The answer must reproduce exactly the lines from the one with "BRUNO MUNARI 1907" through the end of the material, and it must contain no pictures.

■ **Given material**:
____
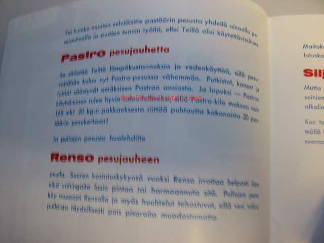 Pastro, Renso, Silja pesujauhe / Lumivalko Oy -mainos
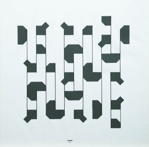 BRUNO MUNARI 1907 - 1998 " Curve di Peano ", 1975 Serigrafia e pennarello su carta, cm. 50 x 50 Firmato e datato in basso al centro Pubblicato Catalogo " Bruno Munari ", Valente Arte Edizioni, p.69 Fotocopia autentica dell'artista Prov. Collezione Privata
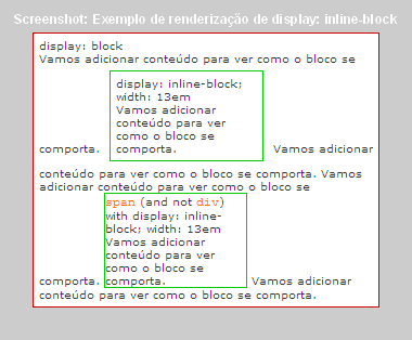 span (and not div) with display: inline-block; width: 13emVamos adicionar conteúdo para ver como o bloco se comporta. Vamos adicionar conteúdo para ver como o bloco se comporta.
____
■ **Your solution**:
 BRUNO MUNARI 1907 - 1998 " Curve di Peano ", 1975 Serigrafia e pennarello su carta, cm. 50 x 50 Firmato e datato in basso al centro Pubblicato Catalogo " Bruno Munari ", Valente Arte Edizioni, p.69 Fotocopia autentica dell'artista Prov. Collezione Privata
 span (and not div) with display: inline-block; width: 13emVamos adicionar conteúdo para ver como o bloco se comporta. Vamos adicionar conteúdo para ver como o bloco se comporta.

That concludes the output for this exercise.